• **Assignment**: In the material below, begin at the line that has "ویژگی: آموزشی، موزیکال،", stop after the line that has "三、亞馬遜2021年營收4698億美元增長22%", and transcribe those lines exactly, without pictures.

• **Listed records**:
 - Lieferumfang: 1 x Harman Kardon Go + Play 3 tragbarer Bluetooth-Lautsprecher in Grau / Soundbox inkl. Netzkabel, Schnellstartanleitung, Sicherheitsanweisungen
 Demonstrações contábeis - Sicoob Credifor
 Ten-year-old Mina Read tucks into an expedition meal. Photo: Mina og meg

...

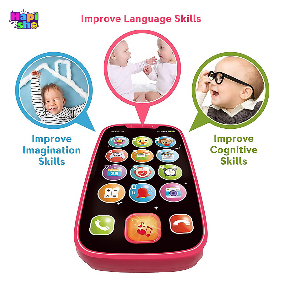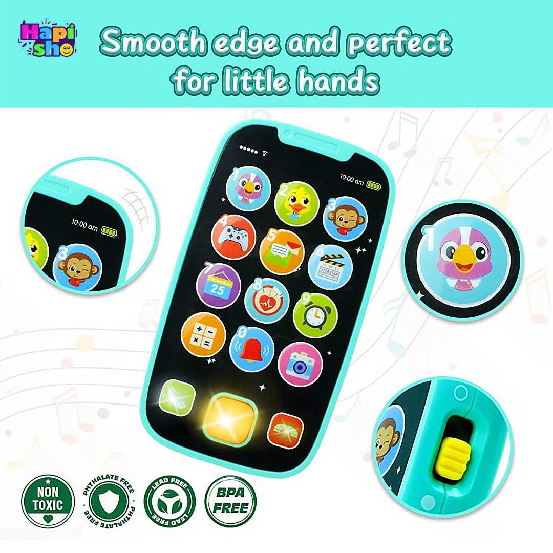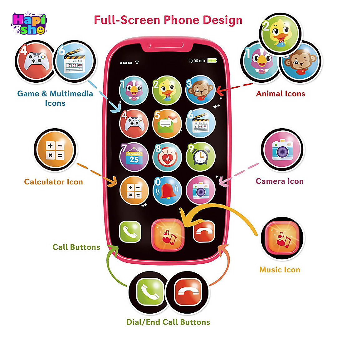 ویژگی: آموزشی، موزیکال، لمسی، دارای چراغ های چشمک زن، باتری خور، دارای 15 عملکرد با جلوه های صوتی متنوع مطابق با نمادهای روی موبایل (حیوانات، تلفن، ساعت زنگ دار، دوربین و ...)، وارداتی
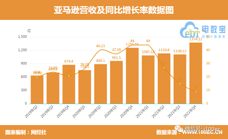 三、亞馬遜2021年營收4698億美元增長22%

...

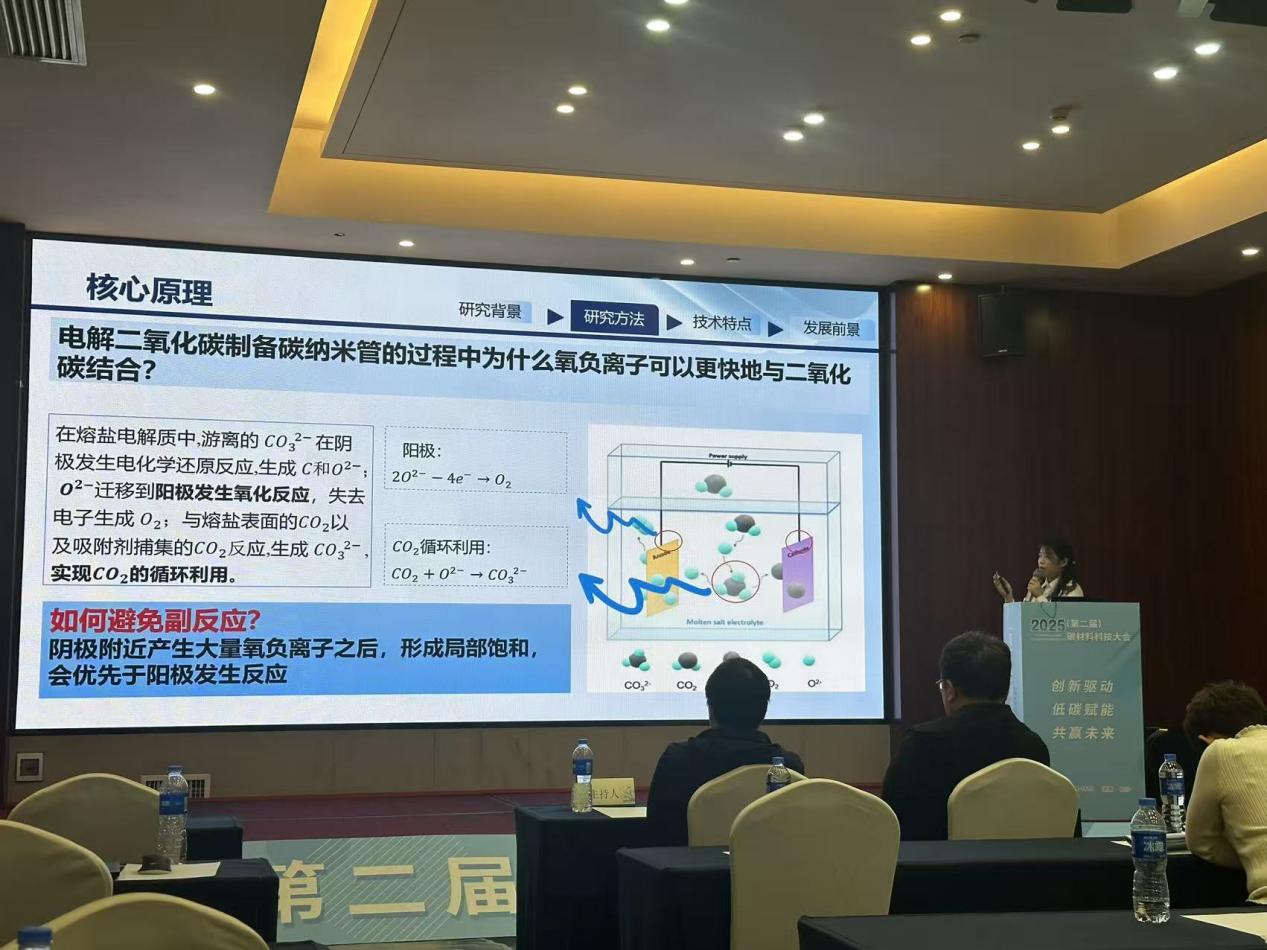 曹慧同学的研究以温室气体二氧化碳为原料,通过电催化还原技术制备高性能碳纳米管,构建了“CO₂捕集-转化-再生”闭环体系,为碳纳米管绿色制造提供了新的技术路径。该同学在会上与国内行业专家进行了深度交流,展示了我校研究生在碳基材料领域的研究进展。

• **The completed task**:
 ویژگی: آموزشی، موزیکال، لمسی، دارای چراغ های چشمک زن، باتری خور، دارای 15 عملکرد با جلوه های صوتی متنوع مطابق با نمادهای روی موبایل (حیوانات، تلفن، ساعت زنگ دار، دوربین و ...)، وارداتی
 三、亞馬遜2021年營收4698億美元增長22%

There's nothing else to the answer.